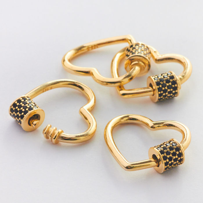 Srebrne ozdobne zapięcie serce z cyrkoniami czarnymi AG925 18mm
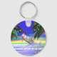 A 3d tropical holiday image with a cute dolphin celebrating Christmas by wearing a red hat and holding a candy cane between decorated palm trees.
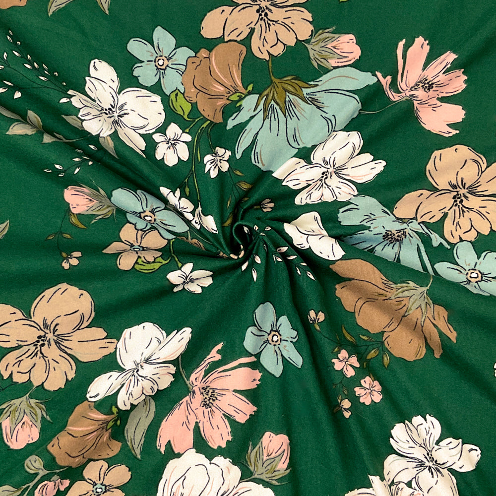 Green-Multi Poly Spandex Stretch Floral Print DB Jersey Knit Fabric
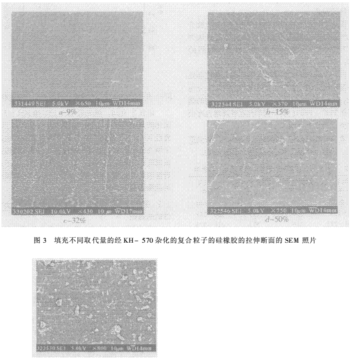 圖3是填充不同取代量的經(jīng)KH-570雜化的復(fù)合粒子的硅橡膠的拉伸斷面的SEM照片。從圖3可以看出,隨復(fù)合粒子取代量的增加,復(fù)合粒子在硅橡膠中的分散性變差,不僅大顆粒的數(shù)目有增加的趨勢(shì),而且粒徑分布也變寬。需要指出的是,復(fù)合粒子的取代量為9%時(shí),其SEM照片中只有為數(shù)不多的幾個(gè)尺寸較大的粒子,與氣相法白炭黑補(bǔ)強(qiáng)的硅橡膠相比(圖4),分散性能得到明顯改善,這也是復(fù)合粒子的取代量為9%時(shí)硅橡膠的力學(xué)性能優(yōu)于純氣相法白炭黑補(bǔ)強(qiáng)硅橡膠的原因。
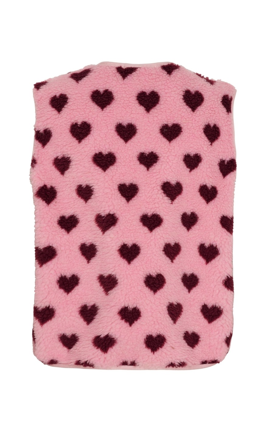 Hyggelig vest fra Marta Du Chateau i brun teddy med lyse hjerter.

--

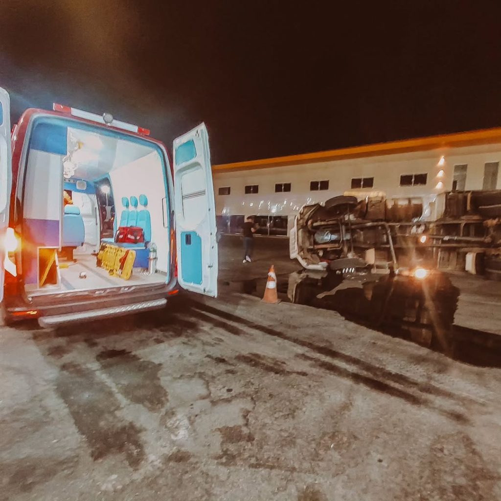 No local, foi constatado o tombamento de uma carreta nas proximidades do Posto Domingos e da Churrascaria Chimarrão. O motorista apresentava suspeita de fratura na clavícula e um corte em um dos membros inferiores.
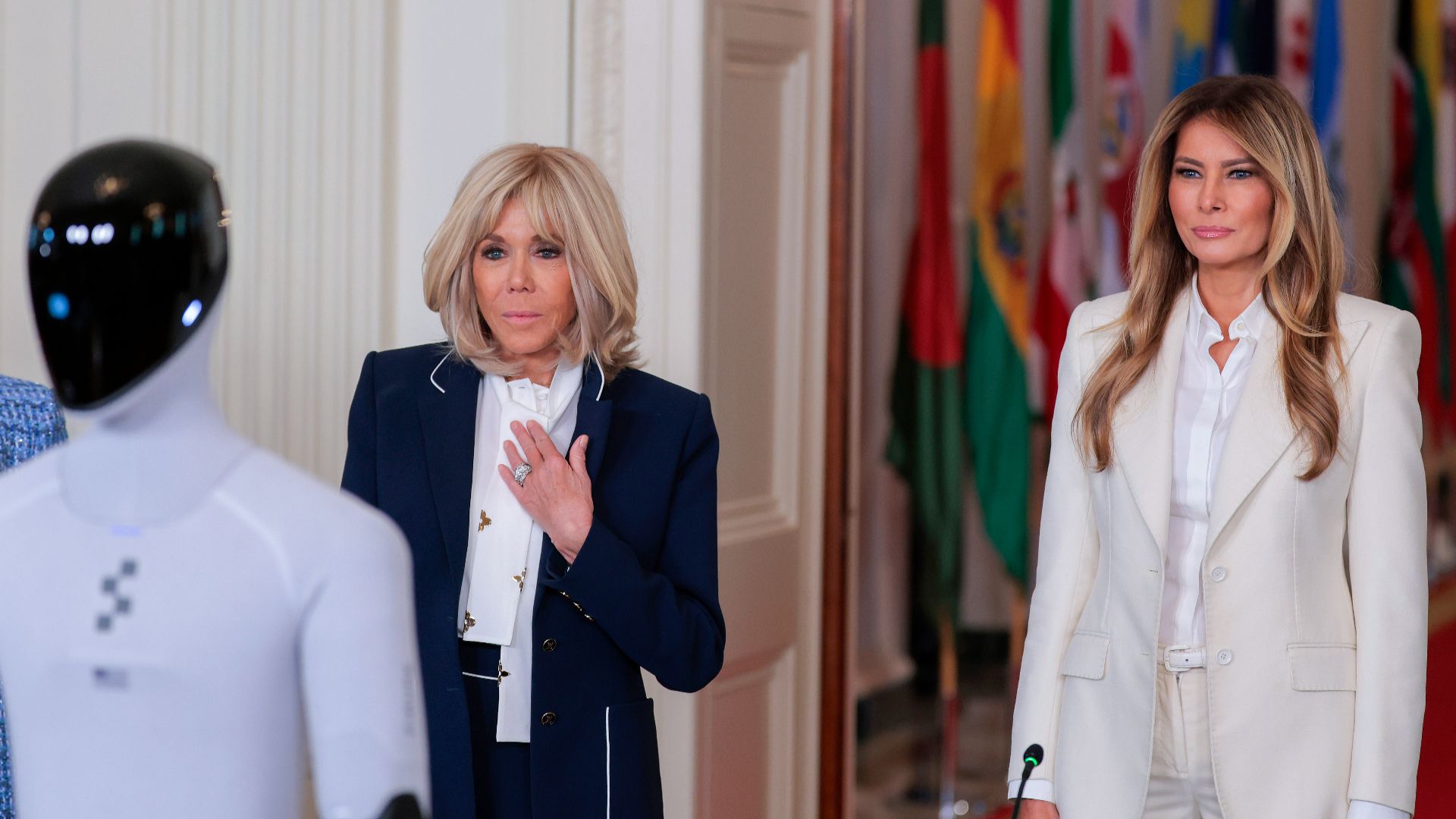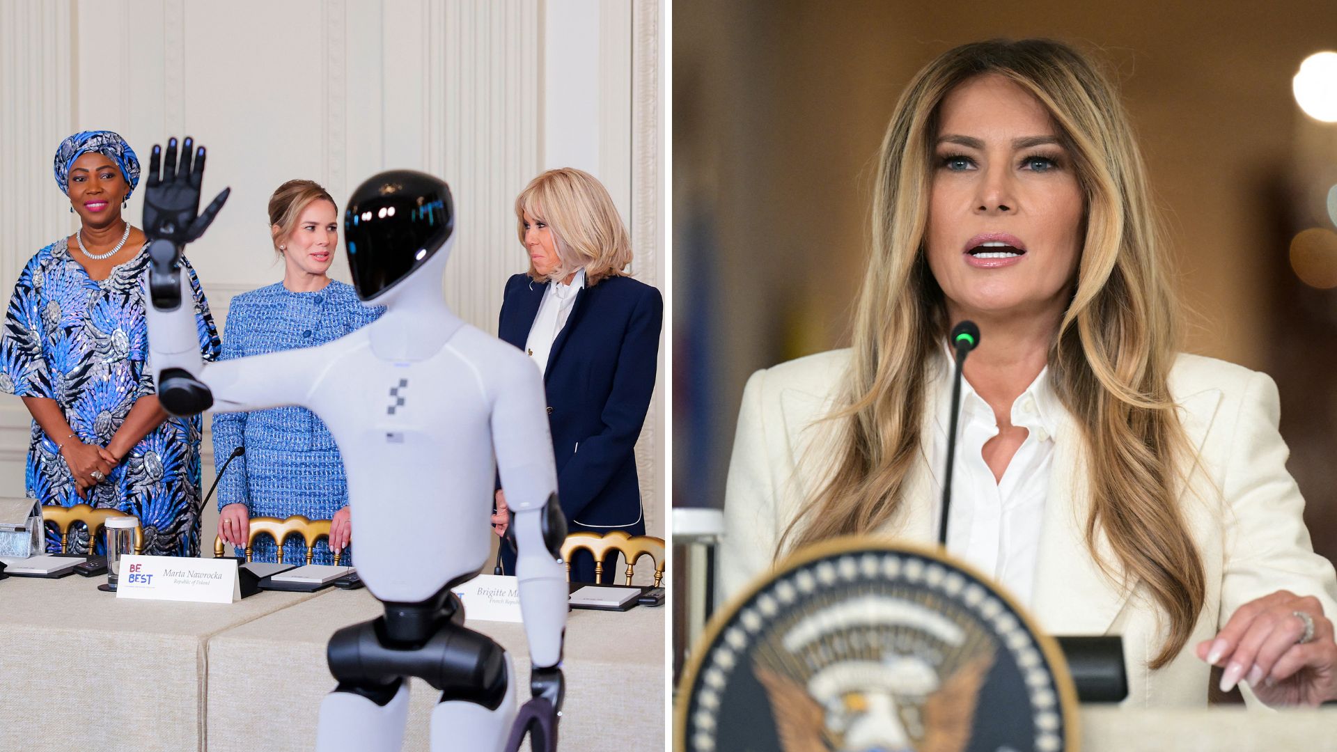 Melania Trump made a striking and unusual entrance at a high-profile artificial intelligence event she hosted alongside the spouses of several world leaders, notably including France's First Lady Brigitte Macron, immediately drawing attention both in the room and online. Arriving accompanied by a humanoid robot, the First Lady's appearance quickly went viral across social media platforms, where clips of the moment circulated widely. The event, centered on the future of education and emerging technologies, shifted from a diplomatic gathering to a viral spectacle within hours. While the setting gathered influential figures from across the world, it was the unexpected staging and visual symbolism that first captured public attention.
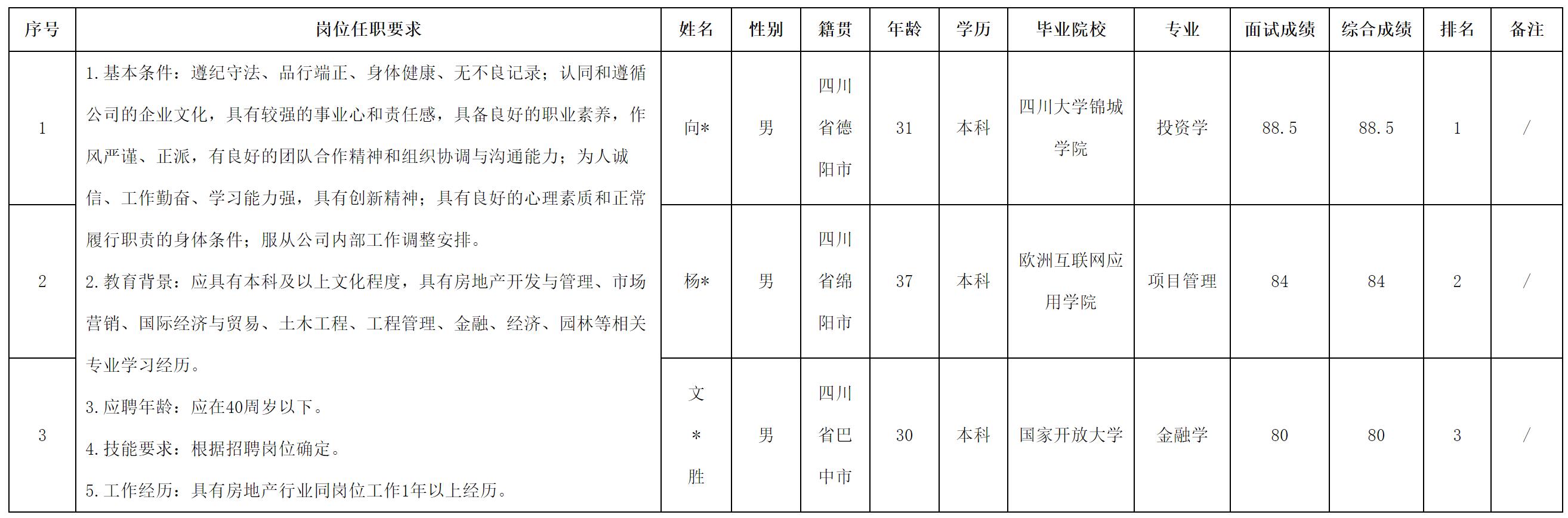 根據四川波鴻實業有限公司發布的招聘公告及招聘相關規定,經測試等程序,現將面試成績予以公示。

==

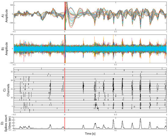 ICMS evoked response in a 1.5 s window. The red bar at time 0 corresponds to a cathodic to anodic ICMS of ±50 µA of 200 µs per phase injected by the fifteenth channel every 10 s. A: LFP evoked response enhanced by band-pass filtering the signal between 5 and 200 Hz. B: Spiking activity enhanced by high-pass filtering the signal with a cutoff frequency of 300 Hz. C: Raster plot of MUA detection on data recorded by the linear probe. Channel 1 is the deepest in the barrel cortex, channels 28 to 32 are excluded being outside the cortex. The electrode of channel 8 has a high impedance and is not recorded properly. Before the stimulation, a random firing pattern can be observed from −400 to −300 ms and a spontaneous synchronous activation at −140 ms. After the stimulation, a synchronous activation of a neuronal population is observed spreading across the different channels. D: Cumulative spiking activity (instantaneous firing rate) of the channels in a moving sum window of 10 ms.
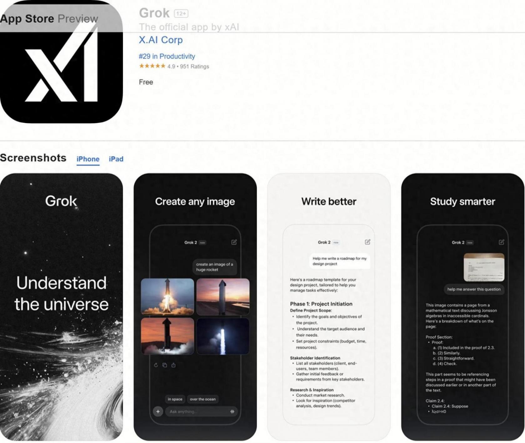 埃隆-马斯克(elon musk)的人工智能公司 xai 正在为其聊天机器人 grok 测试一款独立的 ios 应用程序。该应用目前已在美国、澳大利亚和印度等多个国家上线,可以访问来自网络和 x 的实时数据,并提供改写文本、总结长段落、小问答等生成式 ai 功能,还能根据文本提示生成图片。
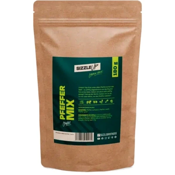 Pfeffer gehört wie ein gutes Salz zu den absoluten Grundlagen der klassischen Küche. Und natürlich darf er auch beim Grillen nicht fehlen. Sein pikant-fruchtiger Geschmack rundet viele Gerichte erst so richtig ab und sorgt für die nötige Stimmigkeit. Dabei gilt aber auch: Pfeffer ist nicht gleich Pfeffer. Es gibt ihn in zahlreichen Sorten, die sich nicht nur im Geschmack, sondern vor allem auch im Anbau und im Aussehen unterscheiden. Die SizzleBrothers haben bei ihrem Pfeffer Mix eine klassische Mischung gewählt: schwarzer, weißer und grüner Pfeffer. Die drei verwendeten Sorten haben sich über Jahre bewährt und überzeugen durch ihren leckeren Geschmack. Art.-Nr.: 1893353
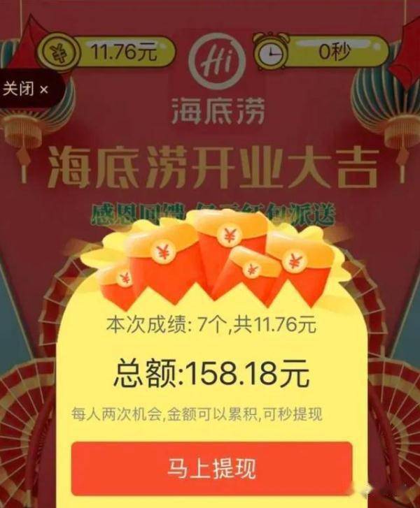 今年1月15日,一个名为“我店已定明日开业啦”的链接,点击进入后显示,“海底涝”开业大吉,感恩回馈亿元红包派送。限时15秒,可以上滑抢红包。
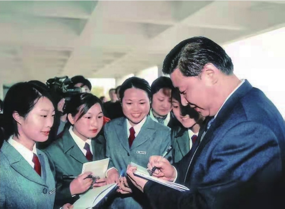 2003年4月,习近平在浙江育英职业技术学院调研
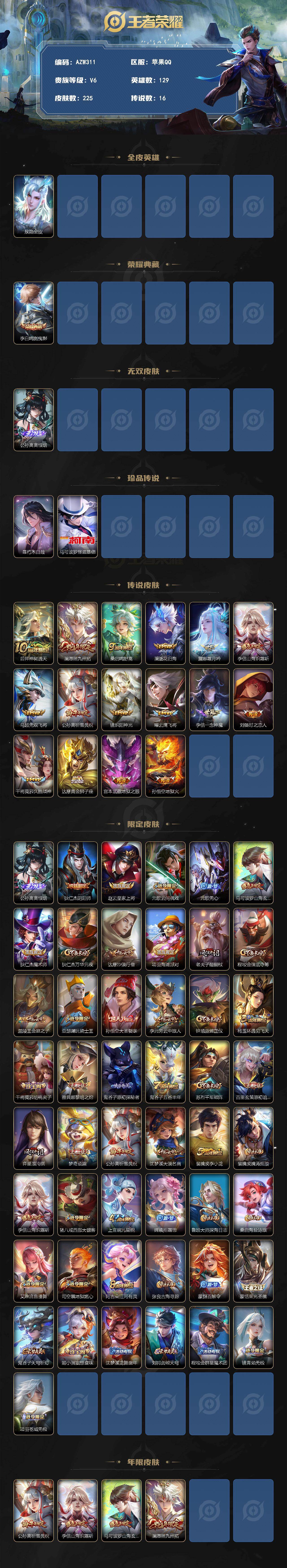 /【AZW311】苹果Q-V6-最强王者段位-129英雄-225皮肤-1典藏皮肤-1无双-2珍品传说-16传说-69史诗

Assigned task » Look above for the line with "Srebrne ozdobne zapięcie" and the line with "Hyggelig vest fra", then restate exactly those two lines and all lines between them, with no pictures.

Task response »
 Srebrne ozdobne zapięcie serce z cyrkoniami czarnymi AG925 18mm
 A 3d tropical holiday image with a cute dolphin celebrating Christmas by wearing a red hat and holding a candy cane between decorated palm trees.
 Green-Multi Poly Spandex Stretch Floral Print DB Jersey Knit Fabric
 圖3是填充不同取代量的經(jīng)KH-570雜化的復(fù)合粒子的硅橡膠的拉伸斷面的SEM照片。從圖3可以看出,隨復(fù)合粒子取代量的增加,復(fù)合粒子在硅橡膠中的分散性變差,不僅大顆粒的數(shù)目有增加的趨勢(shì),而且粒徑分布也變寬。需要指出的是,復(fù)合粒子的取代量為9%時(shí),其SEM照片中只有為數(shù)不多的幾個(gè)尺寸較大的粒子,與氣相法白炭黑補(bǔ)強(qiáng)的硅橡膠相比(圖4),分散性能得到明顯改善,這也是復(fù)合粒子的取代量為9%時(shí)硅橡膠的力學(xué)性能優(yōu)于純氣相法白炭黑補(bǔ)強(qiáng)硅橡膠的原因。
 Hyggelig vest fra Marta Du Chateau i brun teddy med lyse hjerter.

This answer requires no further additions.